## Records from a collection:
———

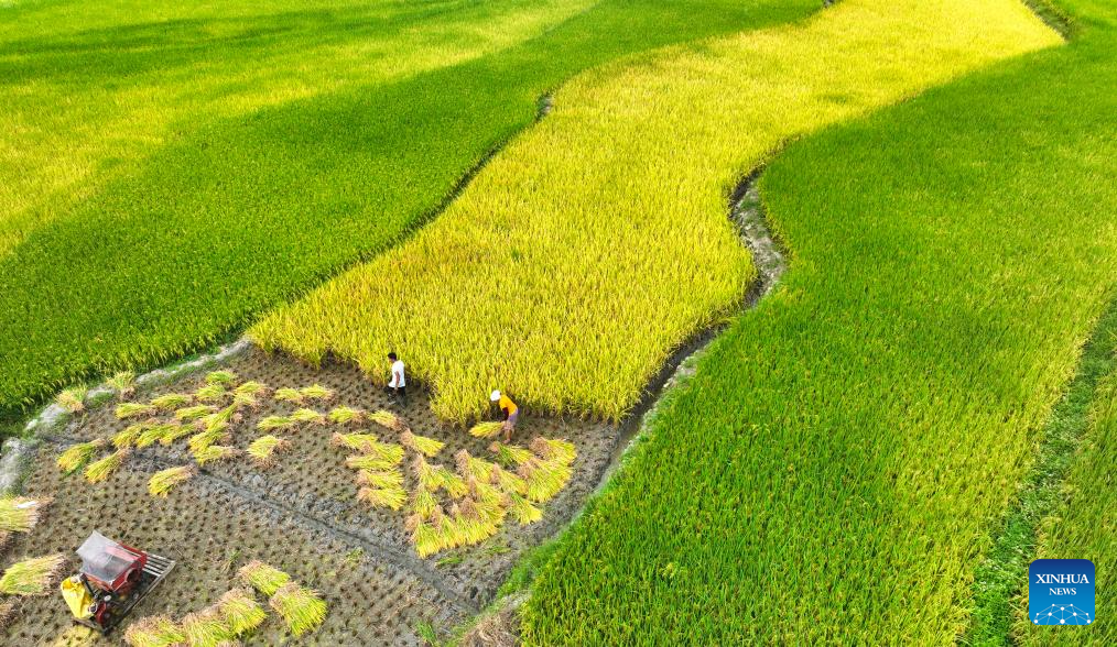 This aerial photo taken on Aug. 25, 2023 shows villagers harvesting paddy rice at Xiama Village of Chenzhou City, central China's Hunan Province. (Photo by Zhou Xiuyuchun/Xinhua)
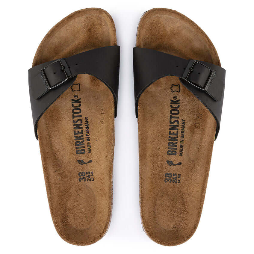 The original BIRKENSTOCK Sandal. A strap, a buckle, and a contoured cork footbed are masterfully combined to create the Madrid. The upper is made from the skin-friendly, hard-wearing synthetic material Birko-Flor®.
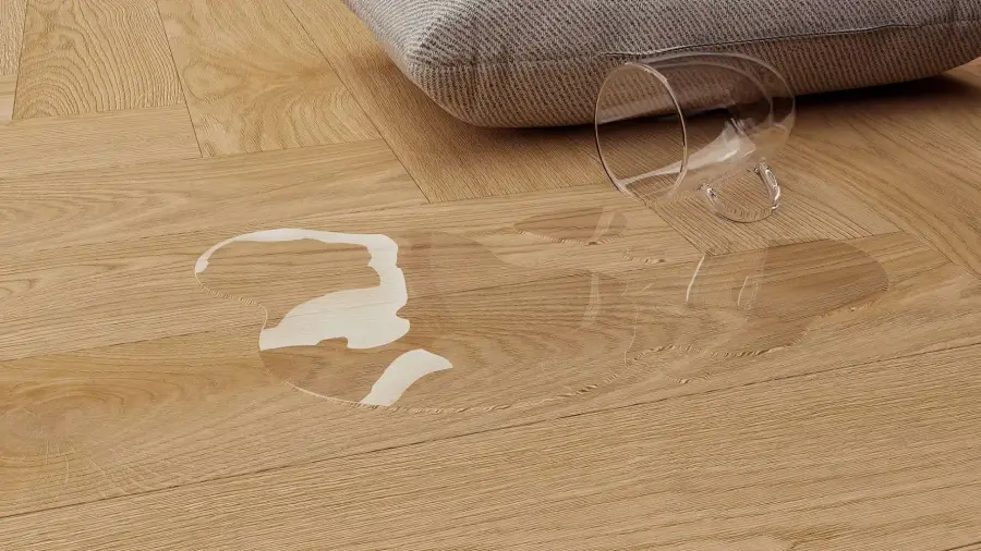 Specjalna warstwa ochronna ułatwia utrzymanie podłogi w czystości i chroni ją przed zabrudzeniami.
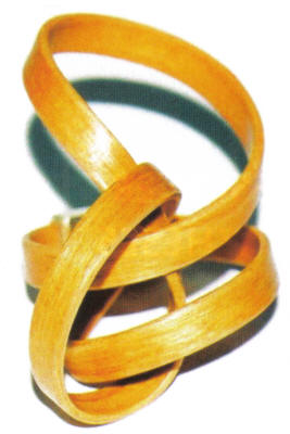 The Danish born artist, Mette T. Jensen, presents an extremely impressive set of work that is characterized by its lightness and buoyancy, consisting of jewelry made of beech and cherry wood. Flowing forms inspired from bent wood in furniture and ships were the basis for playing with curves that change directions, define shapes and suggest forms in an attempt to make sculptural jewelry. Drawing on this inspiration, the main material used is wood. Its molding capacity is emphasized by a combination with silver.
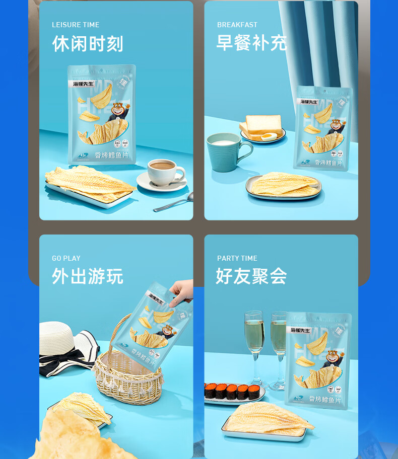 海狸先生 香烤鳕鱼片 孕妇办公室海鲜零食大连特产烤鱼片香鱼片即食 4袋*45g
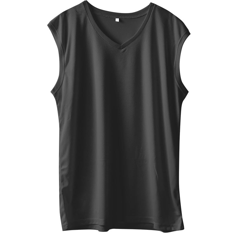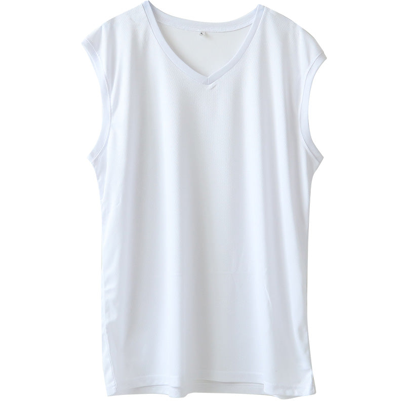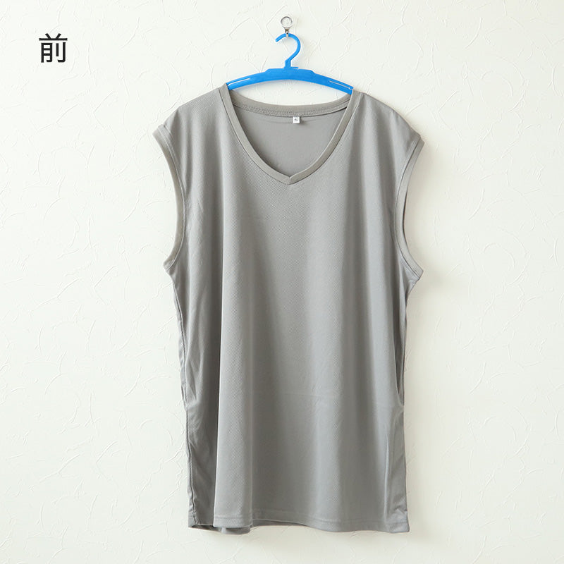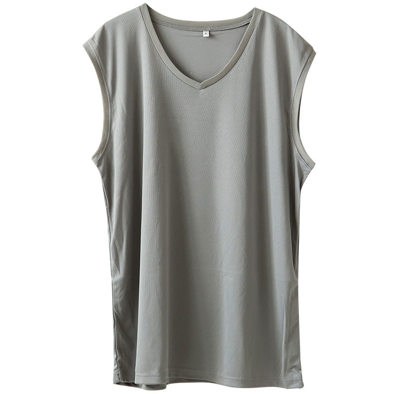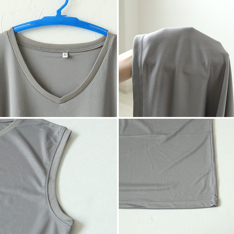 メッシュ生地で通気性抜群のメンズスリーブレスV首インナー。

———

## PROBLEM DESCRIPTION:
All lines from the one containing "The Danish born" through the end of the data are to be restated exactly, with nothing else and without the pictures.

## TASK RESULT:
 The Danish born artist, Mette T. Jensen, presents an extremely impressive set of work that is characterized by its lightness and buoyancy, consisting of jewelry made of beech and cherry wood. Flowing forms inspired from bent wood in furniture and ships were the basis for playing with curves that change directions, define shapes and suggest forms in an attempt to make sculptural jewelry. Drawing on this inspiration, the main material used is wood. Its molding capacity is emphasized by a combination with silver.
 海狸先生 香烤鳕鱼片 孕妇办公室海鲜零食大连特产烤鱼片香鱼片即食 4袋*45g
 メッシュ生地で通気性抜群のメンズスリーブレスV首インナー。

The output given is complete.